There’s no evidence that the comma is in the wrong place in Luke 40:43. That’s definitely reaching. It also makes little sense to have the comma be a mistake. That basically translates the verse “This is what I’m telling you today, you will be with me in paradise.” If Jesus was going to make this comment, he would have left out the word “today.” He was obviously not speaking about tomorrow or yesterday. They were both going to die “today.” The thief wanted Jesus to remember him when he established his kingdom and Jesus assured him that when he died (which was today) he would immediately be in paradise with the Lord. Jesus was not unconscious and sleeping when he died. He did not lie to the thief:

“And when Jesus had cried out with a loud voice, He said, “Father, ‘into Your hands I commit My spirit.’”Having said this, He breathed His last.” (Luke 23:46). So Jesus went on to paradise upon his death. His body died and his spirit went with the Lord. The Bible also tells us that Jesus preached to the souls in prison, so he certainly was not unconscious during those three days his body was in the ground. His spirit was living on. 1 Peter 3:18-19: “For Christ also suffered once for sins, the just for the unjust, that He might bring us to God, being put to death in the flesh but made alive by the Spirit, by whom also He went and preached to the spirits in prison.” 

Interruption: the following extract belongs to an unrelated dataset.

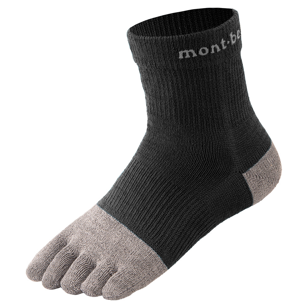 運動量が多く、激しい発汗を伴うランニング用に開発された5トゥソックスです。本体には通気性、吸放湿性に優れた紙糸プラス®を使用。汗をかいたときの肌離れがよく、足を常にドライな状態に保ちます。砂利や泥の侵入を防ぐため、丈はくるぶし上に設定しています。つま先とかかとの外側には、靴内での滑りを抑えるポリエステルナノファイバーを使用し、抜群の足裏感覚を実現しています。

There is also much evidence that when a believer dies, they will immediately be in the presence of the Lord:

“We are confident, yes, well pleased rather to be absent from the body and to be present with the Lord. (2 Corinthians 5:8)”

Acts 7:57-61: “Then they cried out with a loud voice, stopped their ears, and ran at him with one accord; and they cast him out of the city and stoned him. And the witnesses laid down their clothes at the feet of a young man named Saul. And they stoned Stephen as he was calling on God and saying, “Lord Jesus, receive my spirit.” Then he knelt down and cried out with a loud voice, “Lord, do not charge them with this sin.” And when he had said this, he fell asleep.”

It is clear in this passage that Stephen expected his soul/spirit to immediately be with the Lord upon his death. After the people stoned him, he fell asleep, which means he died. Sleep is often used to symbolize death in the Word of God. I don’t have the time to go through all those passages, but it is. Stephen didn’t just go into some state of unconsciousness or else why would He call to the Lord to take his spirit? He obviously meant right then and there because his body was about to die. 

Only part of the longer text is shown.